2.7V 100F super capacitor
Working temperature range
Rated discharge capacitance
High temperature load
High temperature storage
How to choose / super capacitor edit
Two main applications for supercapacitors: high power pulse applications and instantaneous power retention. Features of high-power pulse applications: instantaneous flow to load high current; characteristics of instantaneous power retention applications: require continuous power supply to the load, typically for a few seconds or minutes. A typical application for instantaneous power retention: the reset of the disk drive head during a power outage. Different applications have different parameters for the parameters of the supercapacitor. The high power pulse application utilizes a small internal resistance (R) of the supercapacitor, while the instantaneous power retention is a large electrostatic capacity (C) using the supercapacitor.
Two calculation formulas and application examples are provided below:
C(F): the nominal capacity of the supercapacitor;
R (Ω): the nominal internal resistance of the supercapacitor;
ESR (Ω): equivalent series resistance at 1KZ;
Uwork(V): normal operating voltage in the circuit
Umin(V): The minimum voltage required to operate the device;
t(s): the hold time required in the circuit or the pulse duration in the pulse application;
Udrop(V): The total voltage drop at the end of a discharge or high current pulse;
I(A): load current;
Instantaneous power retention application
An approximate calculation formula for the capacitance of the supercapacitor, which is based on maintaining the required energy = supercapacitance to reduce energy.
Energy required during the hold period = 1/2I (Uwork + Umin) t;
Supercapacitor reduces energy = 1/2C (Uwork2 - Umin2),
Therefore, its capacity can be obtained (ignoring the voltage drop caused by IR) C=I(Uwork+ Umin)t/(Uwork2 -Umin2)
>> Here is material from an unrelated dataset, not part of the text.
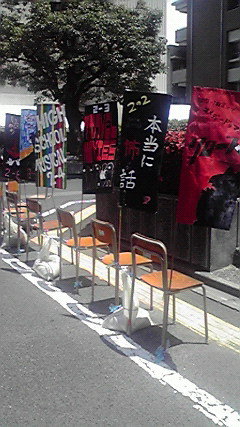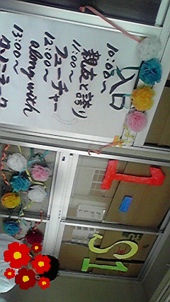 校門入ってすぐに各クラスののぼりが 立ててありました。旗ね。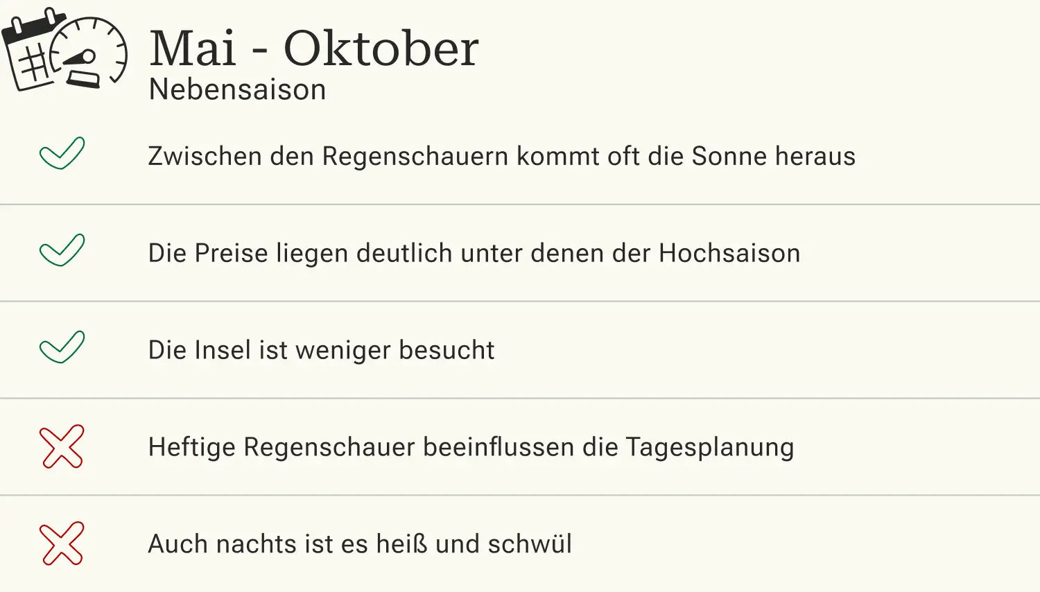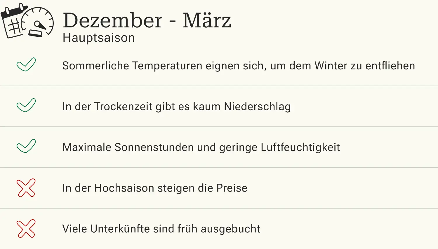 Da zum Ende und Beginn der Regenzeit, also im November und im April, das Wetter schon wechselhaft sein kann, sind vor allem die Monate Dezember bis März wettertechnisch als beste Reisezeit bekannt. Dies sorgt aber auch dafür, dass vor allem um die Feiertage zwischen Ende Dezember und Anfang Januar absolute Hochsaison herrscht, die mit hohen Preisen und starker Auslastung einhergeht. Wer gutes Wetter und weniger Andrang bevorzugt, kommt zwischen Januar und März.

Assume that the tape drive operates at 5V and the safe operating voltage is 3V. If the DC motor requires 0.5A for 2 seconds (can work safely), then the capacity can be at least 0.5 F according to the above formula.
Because the voltage of 5V exceeds the nominal operating voltage of the single capacitor. Thus, the two capacitors can be connected in series. If two identical capacitors are connected in series, then each voltage is its nominal voltage of 2.5V.
If we choose a capacitor with a nominal capacity of 1F, the two strings are 0.5F. This choice does not provide sufficient margin given the -20% capacity deviation of the capacitor. Capacitors with a nominal capacity of 1.5F can be selected to provide 1.5F/2 = 0.75F. Consider a -20% capacity deviation with a minimum of 1.2F/2 = 0.6F. This supercapacitor provides ample safety margin. After the high current pulse, the tape drive is switched to the low current mode of operation, using the excess energy of the supercapacitor.
In this example, the voltage equalization circuit ensures that each cell does not exceed its rated voltage.